Stored items from a collection
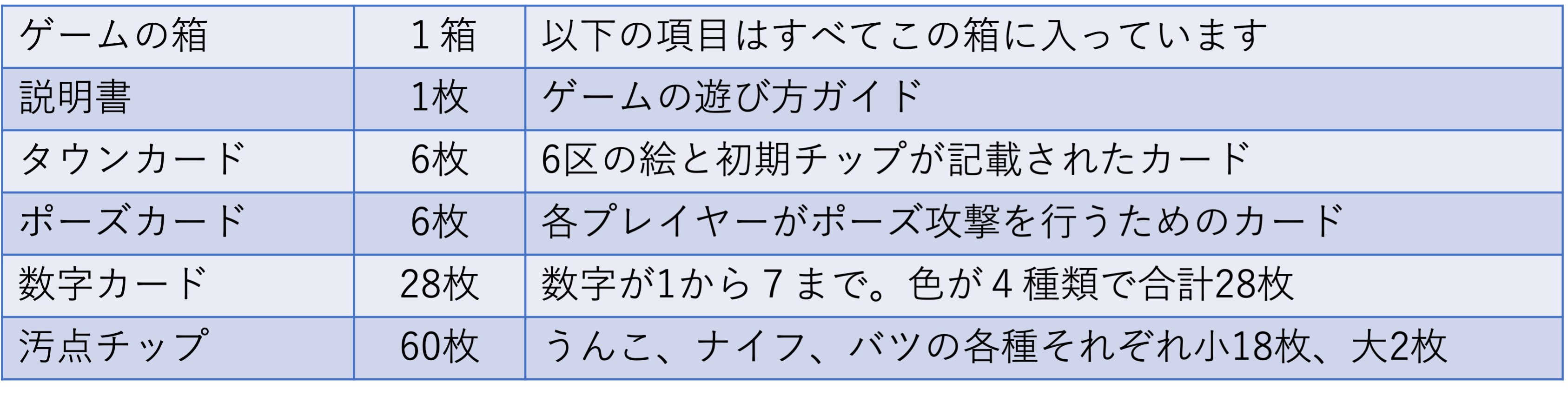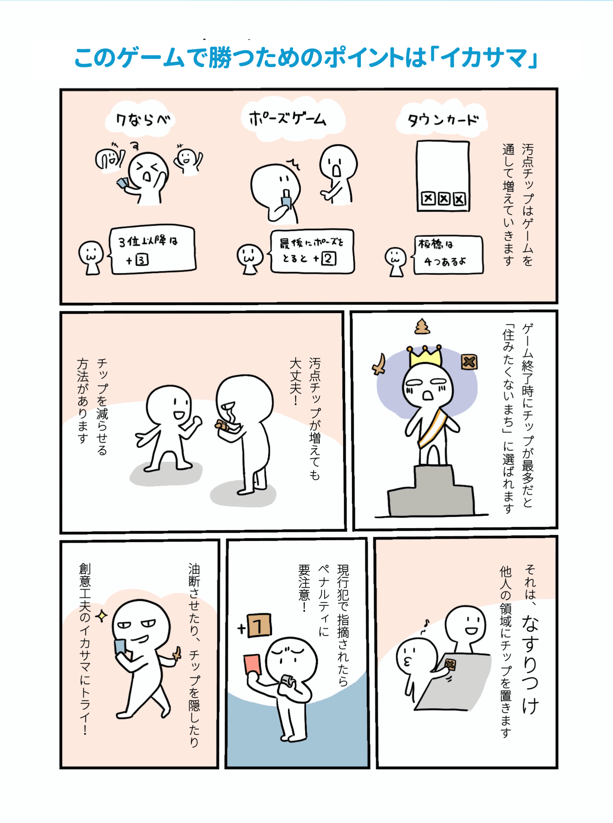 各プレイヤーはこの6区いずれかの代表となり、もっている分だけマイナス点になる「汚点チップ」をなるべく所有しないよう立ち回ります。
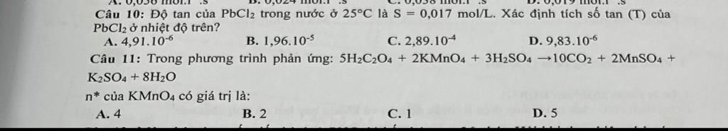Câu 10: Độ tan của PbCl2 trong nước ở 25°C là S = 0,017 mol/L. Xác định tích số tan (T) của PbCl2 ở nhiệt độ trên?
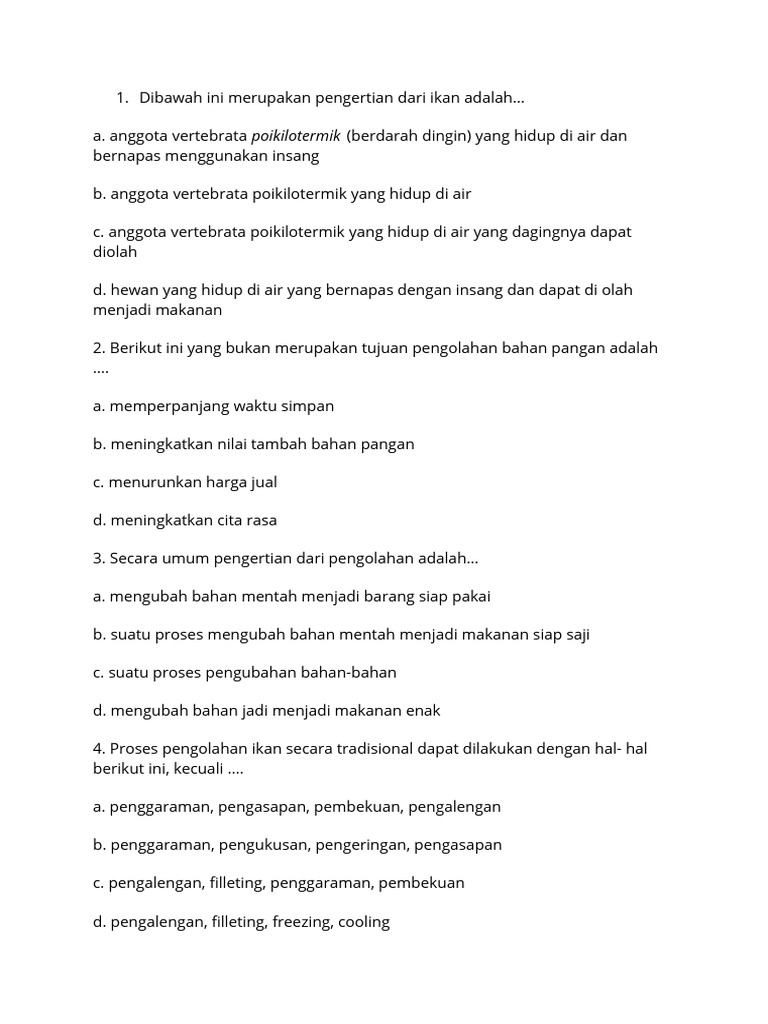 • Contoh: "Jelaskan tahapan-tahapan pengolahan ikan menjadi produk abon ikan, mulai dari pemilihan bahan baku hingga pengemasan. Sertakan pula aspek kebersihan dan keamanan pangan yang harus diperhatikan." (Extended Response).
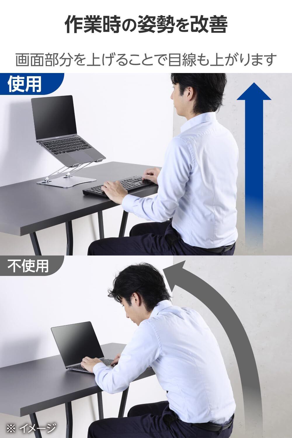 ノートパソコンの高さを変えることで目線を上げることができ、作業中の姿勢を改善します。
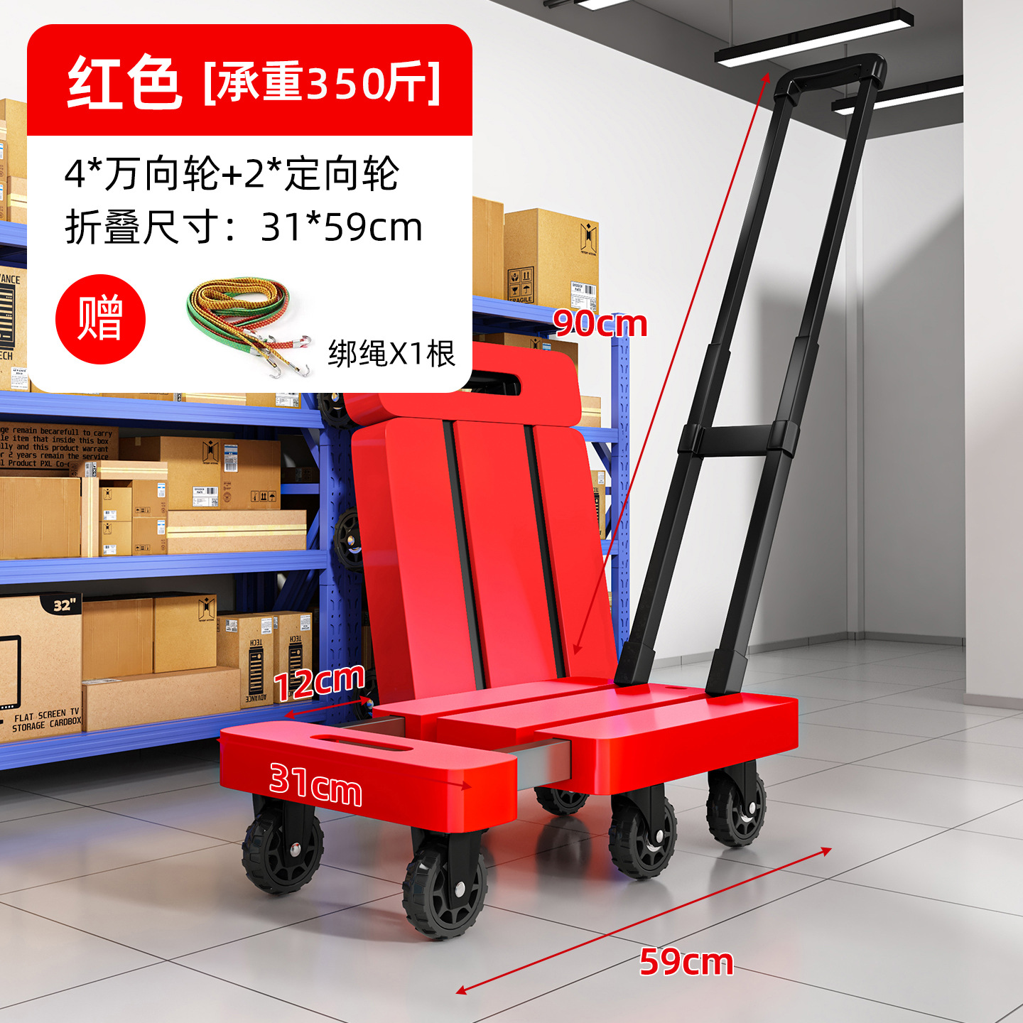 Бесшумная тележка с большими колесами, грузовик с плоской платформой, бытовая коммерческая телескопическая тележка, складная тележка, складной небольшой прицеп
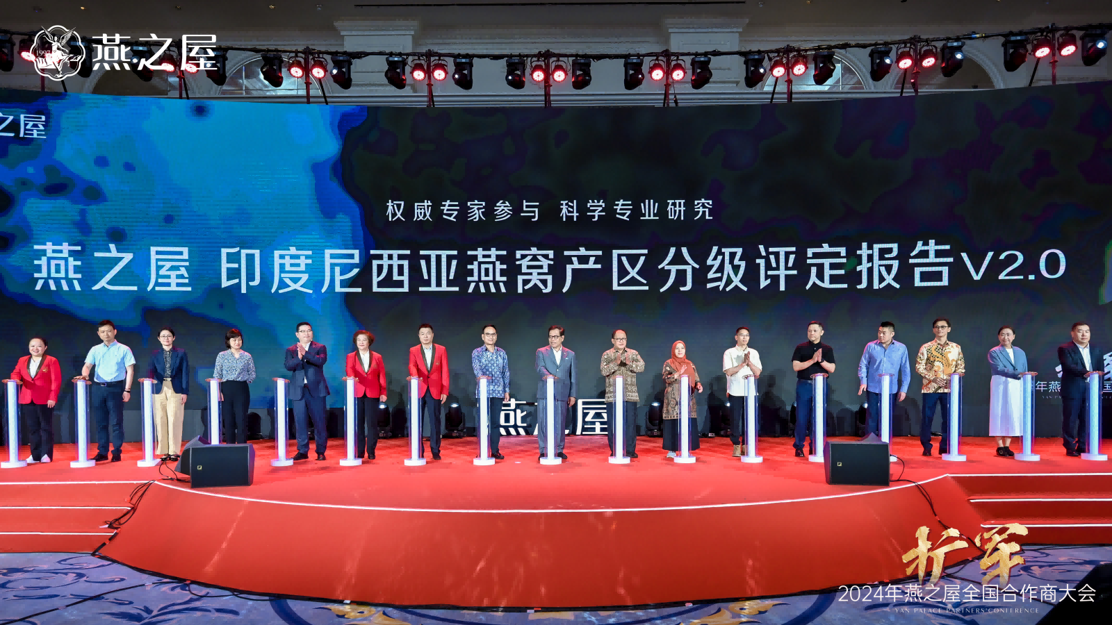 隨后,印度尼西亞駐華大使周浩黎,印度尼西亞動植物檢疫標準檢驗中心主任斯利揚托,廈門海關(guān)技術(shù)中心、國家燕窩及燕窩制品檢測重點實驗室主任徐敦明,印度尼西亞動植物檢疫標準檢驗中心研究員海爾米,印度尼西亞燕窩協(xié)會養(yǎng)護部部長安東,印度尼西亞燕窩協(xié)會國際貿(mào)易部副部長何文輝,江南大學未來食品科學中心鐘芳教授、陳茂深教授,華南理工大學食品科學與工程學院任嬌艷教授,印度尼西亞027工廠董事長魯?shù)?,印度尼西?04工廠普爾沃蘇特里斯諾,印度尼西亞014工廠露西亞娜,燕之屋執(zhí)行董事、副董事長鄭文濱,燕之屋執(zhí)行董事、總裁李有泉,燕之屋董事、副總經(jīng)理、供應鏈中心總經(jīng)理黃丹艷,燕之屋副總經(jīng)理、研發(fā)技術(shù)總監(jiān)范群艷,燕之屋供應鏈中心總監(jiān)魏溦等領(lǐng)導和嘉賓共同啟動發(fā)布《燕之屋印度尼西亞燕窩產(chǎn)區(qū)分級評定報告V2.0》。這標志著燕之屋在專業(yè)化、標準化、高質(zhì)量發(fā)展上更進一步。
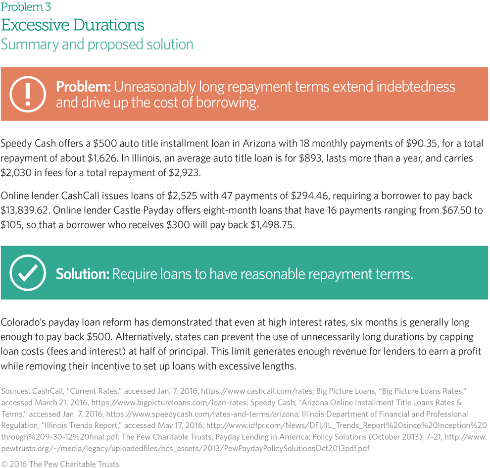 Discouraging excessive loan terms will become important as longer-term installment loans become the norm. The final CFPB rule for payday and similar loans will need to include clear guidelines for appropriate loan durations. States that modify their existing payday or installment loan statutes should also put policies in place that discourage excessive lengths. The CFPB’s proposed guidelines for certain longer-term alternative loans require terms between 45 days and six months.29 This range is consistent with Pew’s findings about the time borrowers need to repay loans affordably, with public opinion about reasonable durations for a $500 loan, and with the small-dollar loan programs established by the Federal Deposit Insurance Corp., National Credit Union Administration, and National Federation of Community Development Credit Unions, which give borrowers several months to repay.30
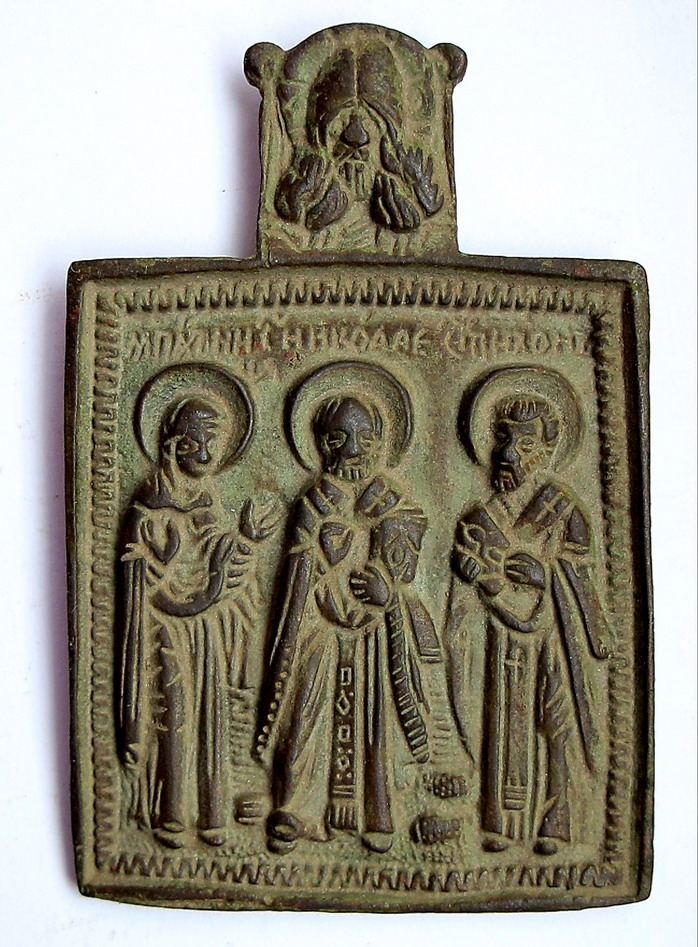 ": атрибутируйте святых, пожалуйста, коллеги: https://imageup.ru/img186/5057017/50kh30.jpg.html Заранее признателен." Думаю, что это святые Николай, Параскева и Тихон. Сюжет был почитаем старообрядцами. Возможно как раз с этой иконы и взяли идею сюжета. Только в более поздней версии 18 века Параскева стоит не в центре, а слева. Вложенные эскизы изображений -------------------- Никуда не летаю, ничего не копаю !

### EXERCISE OBJECTIVE
What is wanted is a word-for-word restatement of the entries, without their images.

### SOLUTION TO THIS EXERCISE
 各プレイヤーはこの6区いずれかの代表となり、もっている分だけマイナス点になる「汚点チップ」をなるべく所有しないよう立ち回ります。
Câu 10: Độ tan của PbCl2 trong nước ở 25°C là S = 0,017 mol/L. Xác định tích số tan (T) của PbCl2 ở nhiệt độ trên?
 • Contoh: "Jelaskan tahapan-tahapan pengolahan ikan menjadi produk abon ikan, mulai dari pemilihan bahan baku hingga pengemasan. Sertakan pula aspek kebersihan dan keamanan pangan yang harus diperhatikan." (Extended Response).
 ノートパソコンの高さを変えることで目線を上げることができ、作業中の姿勢を改善します。
 Бесшумная тележка с большими колесами, грузовик с плоской платформой, бытовая коммерческая телескопическая тележка, складная тележка, складной небольшой прицеп
 隨后,印度尼西亞駐華大使周浩黎,印度尼西亞動植物檢疫標準檢驗中心主任斯利揚托,廈門海關(guān)技術(shù)中心、國家燕窩及燕窩制品檢測重點實驗室主任徐敦明,印度尼西亞動植物檢疫標準檢驗中心研究員海爾米,印度尼西亞燕窩協(xié)會養(yǎng)護部部長安東,印度尼西亞燕窩協(xié)會國際貿(mào)易部副部長何文輝,江南大學未來食品科學中心鐘芳教授、陳茂深教授,華南理工大學食品科學與工程學院任嬌艷教授,印度尼西亞027工廠董事長魯?shù)?,印度尼西?04工廠普爾沃蘇特里斯諾,印度尼西亞014工廠露西亞娜,燕之屋執(zhí)行董事、副董事長鄭文濱,燕之屋執(zhí)行董事、總裁李有泉,燕之屋董事、副總經(jīng)理、供應鏈中心總經(jīng)理黃丹艷,燕之屋副總經(jīng)理、研發(fā)技術(shù)總監(jiān)范群艷,燕之屋供應鏈中心總監(jiān)魏溦等領(lǐng)導和嘉賓共同啟動發(fā)布《燕之屋印度尼西亞燕窩產(chǎn)區(qū)分級評定報告V2.0》。這標志著燕之屋在專業(yè)化、標準化、高質(zhì)量發(fā)展上更進一步。
 Discouraging excessive loan terms will become important as longer-term installment loans become the norm. The final CFPB rule for payday and similar loans will need to include clear guidelines for appropriate loan durations. States that modify their existing payday or installment loan statutes should also put policies in place that discourage excessive lengths. The CFPB’s proposed guidelines for certain longer-term alternative loans require terms between 45 days and six months.29 This range is consistent with Pew’s findings about the time borrowers need to repay loans affordably, with public opinion about reasonable durations for a $500 loan, and with the small-dollar loan programs established by the Federal Deposit Insurance Corp., National Credit Union Administration, and National Federation of Community Development Credit Unions, which give borrowers several months to repay.30
 ": атрибутируйте святых, пожалуйста, коллеги: https://imageup.ru/img186/5057017/50kh30.jpg.html Заранее признателен." Думаю, что это святые Николай, Параскева и Тихон. Сюжет был почитаем старообрядцами. Возможно как раз с этой иконы и взяли идею сюжета. Только в более поздней версии 18 века Параскева стоит не в центре, а слева. Вложенные эскизы изображений -------------------- Никуда не летаю, ничего не копаю !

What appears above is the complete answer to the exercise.